Enter the following command in the terminal:
pip install bert-serving-server # server
pip install bert-serving-client # client, independent of ‘bert-serving-server’
This service requires a minimum version of TensorFlow 1.10.
Prepare Data
Data Format
For the Chinese text classification problem, you need to organize the dataset into a usable format. Different formats correspond to different DataProcessor classes.
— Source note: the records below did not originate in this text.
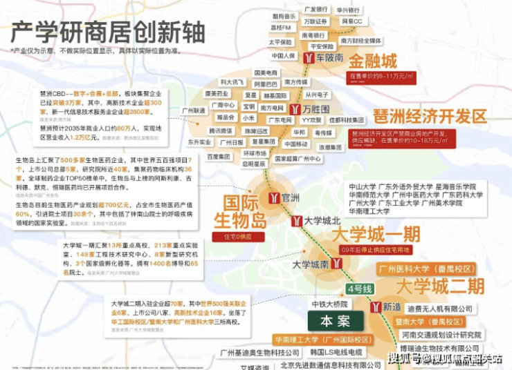 9. 以大学城科创与TOD模式双重驱动,越秀·大学城和樾府成为区域发展新引擎,焕新居住价值。大学城作为广州科创高地,13所高校与科研机构推动产业升级,4号线新造站TOD整合交通与人口资源,加速区域发展。项目作为板块内低密标杆,12年名校与中央公园提升居住吸引力,随着大学智慧谷与商业配套落地,居住价值将持续攀升。一二手房价倒挂现象凸显其潜力,金光东隧道通车后,与大学城一期资源互通,价值平权效应将爆发,成为高端居住价值焕新的典范。
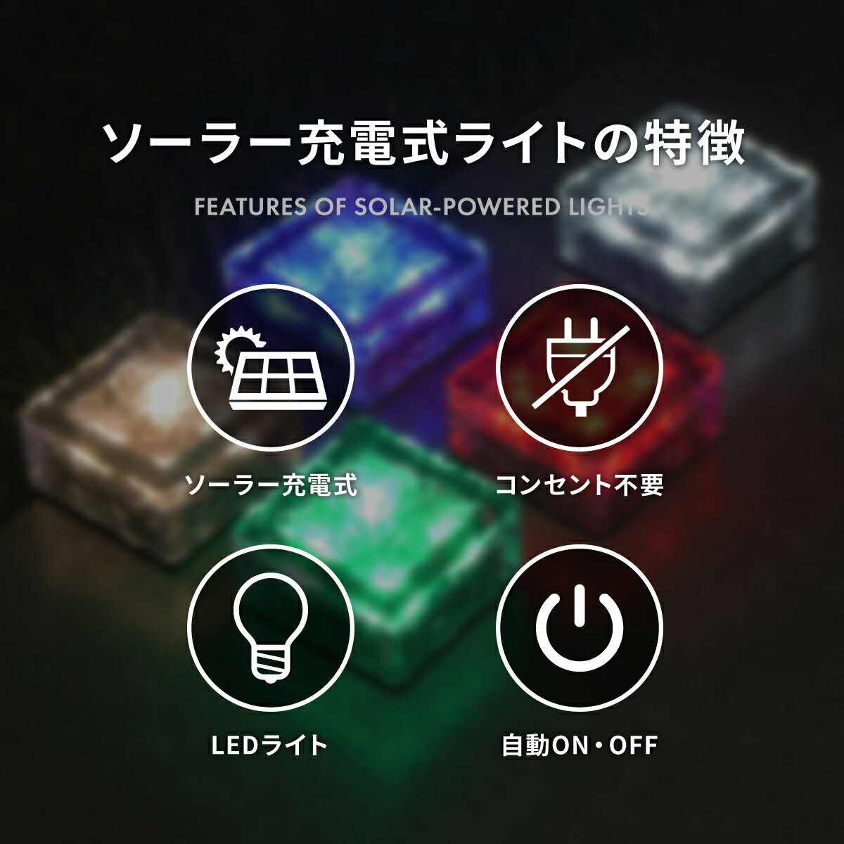 商品仕様 品番 U-128 サイズ 高さ:5cm 横幅:7cm 奥行き:7cm カラー ホワイト イエロー レッド グリーン ブルー 光源 LEDライト(4個) 電池規格 1.2V 600mAh ニッケル水素電池 単4形 生産国 中国 商品説明 華やかな灯りをあなたのお庭やお部屋に ソーラーガーデンライト ▼▼ここがポイント▼▼ 【ソーラーガーデンライトの特徴】 ・ソーラー充電式 ・コンセント不要 ・LEDライト ・自動ON、OFF 【ソーラー充電式設計】 充電式なので電源不要。
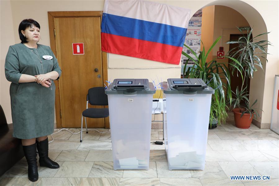 An election worker stands next to a ballot box at a polling station in Vladivostok, eastRussia, March 18, 2018. Russia held presidential election on Sunday. (Xinhua/Denis)

You can save the data in the following format:
game APEX is a newly released battle royale game.
technology Google is about to release TensorFlow 2.0.
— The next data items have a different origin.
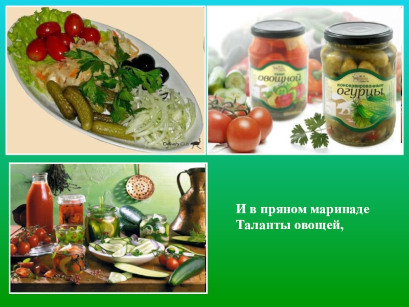 Слайд 19И в пряном маринаде Таланты овощей,
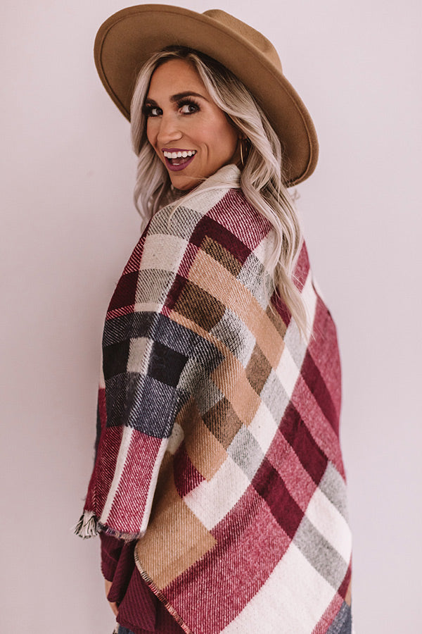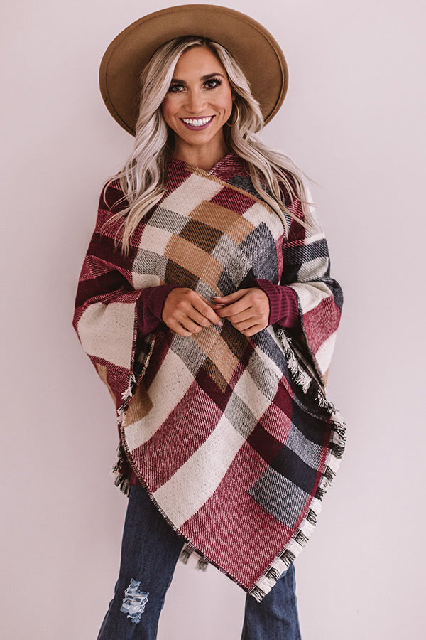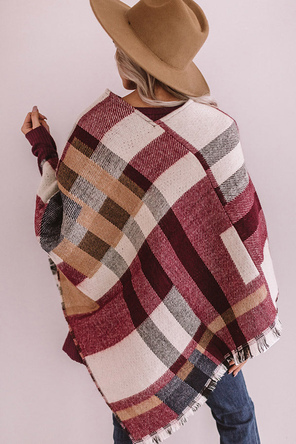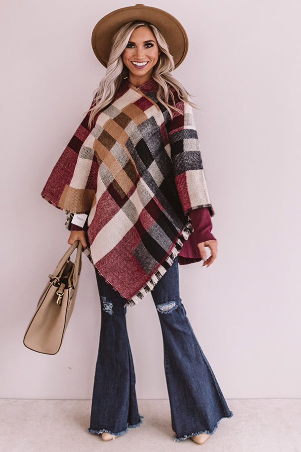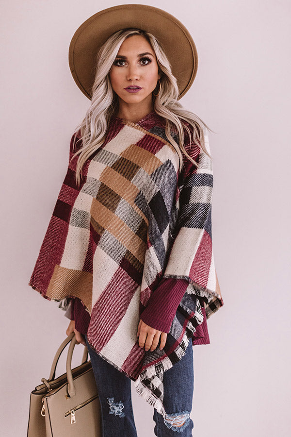 This poncho is so chic people are going to "blog about it!" It features soft lightweight tight knit material, a neutral, black, and wine colored plaid pattern, a high rounded neckline, a black and white buffalo check interior, fringed edge detailing, and an open side silhouette that falls into a draped uneven pointed hemline! You can style this versatile piece with just about anything from a basic tank to a sweater, jeans to skirts or dresses, booties to wedges or sandals, clutches to totes, and hats to earrings! Measurements
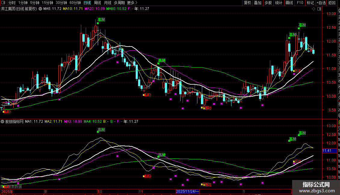 该指标是一个综合性的技术分析工具,结合了多种均线、价格位置、摆动指标和转折点信号。其核心用法如下:

Each line represents a text, consisting of a label followed by a tab and the body text.
Split the text into three files: train.tsv (training set), dev.tsv (validation set), and test.tsv (test set); then place them in the same data_dir folder.
Write DataProcessor Class
In the “run_classifier.py” file in the Bert folder, add the processors content in the “def main(_):” function as follows:
python
processors = {
“cola”: ColaProcessor,
“mnli”: MnliProcessor,
“mrpc”: MrpcProcessor,
“xnli”: XnliProcessor,
“mytask”: MyTaskProcessor,
}
Implement the following “MyTaskProcessor” (DataProcessor) class and place this code alongside other processors in “run_classifier.py”.
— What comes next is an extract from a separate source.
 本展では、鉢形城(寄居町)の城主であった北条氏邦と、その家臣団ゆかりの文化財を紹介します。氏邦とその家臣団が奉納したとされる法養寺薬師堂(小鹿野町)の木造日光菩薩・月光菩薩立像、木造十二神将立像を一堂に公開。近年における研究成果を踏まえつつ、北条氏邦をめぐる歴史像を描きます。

In the “__init__(self)” method, self.labels contains all classification labels; in this example, we will classify the text into 3 categories: game, fashion, houseliving.
python
class MyTaskProcessor(DataProcessor):
“””Processor for the News data set (GLUE version).”””
def __init__(self):
self.labels = [‘game’, ‘fashion’, ‘houseliving’]
def get_train_examples(self, data_dir):
return self._create_examples(
self._read_tsv(os.path.join(data_dir, “train.tsv”)), “train”)
def get_dev_examples(self, data_dir):
return self._create_examples(
self._read_tsv(os.path.join(data_dir, “dev.tsv”)), “dev”)
def get_test_examples(self, data_dir):
return self._create_examples(
self._read_tsv(os.path.join(data_dir, “test.tsv”)), “test”)
def get_labels(self):
return self.labels
def _create_examples(self, lines, set_type):
“””Creates examples for the training and dev sets.”””
examples = []
for (i, line) in enumerate(lines):
guid = “%s-%s” % (set_type, i)
text_a = tokenization.convert_to_unicode(line[1])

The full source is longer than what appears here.